1997_07_july_leader10jul o’connor

Citizens of the ACT were put to a lot of unnecessary inconvenience last week when a defamation case before a jury was settled on the morning of the hearing. And the legal system was put to a lot of unnecessary expense, when it has much better things to do.

Justice Deirdre O’Connor was suing over an article in the Weekend Australian. The case a little to do with the ACT, given that the vast bulk of the Weekend Australian’s circulation is outside the ACT and Justice O’Connor does not live here. The case had already taken up a lot of ACT Supreme Court time in argument over whether there should be a jury and other interlocutory matters.

The reason the case was brought here was because the legal advisers of one side thought there would be some advantage to it and that ACT law permitted it. There is not much one can do about the former, but the latter can be altered, particularly in defamation actions.
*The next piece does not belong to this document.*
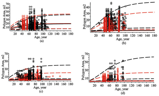 Dynamic of mean, 5%, and 95% percentiles of polygon area with observed datasets for two randomly selected stands from the validation dataset: (a) all tree species; (b) Scots pine tree species; (c) Norway spruce tree species; (d) silver birch tree species; observed dataset, circles; mean trend, solid lines; percentiles, dashed lines; first stand, black; second stand, red.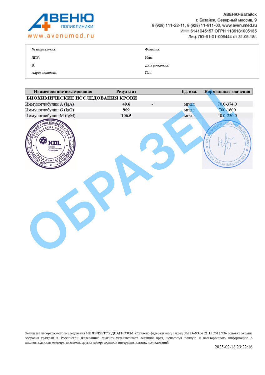 А09.05.054.003 Исследование уровня иммуноглобулина M в крови

A very sensible provision would be that if a plaintiff opts to bring a defamation action in the ACT, then damages should be assessed according to the damage done in the ACT and damages in all the other states and territories should be deemed to less than that. So in the O’Connor case she would be deemed to have suffered most by what small circulation the Weekend Australian has in the ACT, not its huge circulation in NSW and other states, and the amount of money assessed accordingly. It has a logic to it because most ACT residents complaining about publication in a nationally circulating newspaper or broadcast would, indeed, suffer most damage here, where he or she is most known, and would logically take the case here.

This would be a good way of culling cases that should be heard in Sydney and other places out of our court which is funded by ACT ratepayers and whose priorities should be cases involving ACT residents.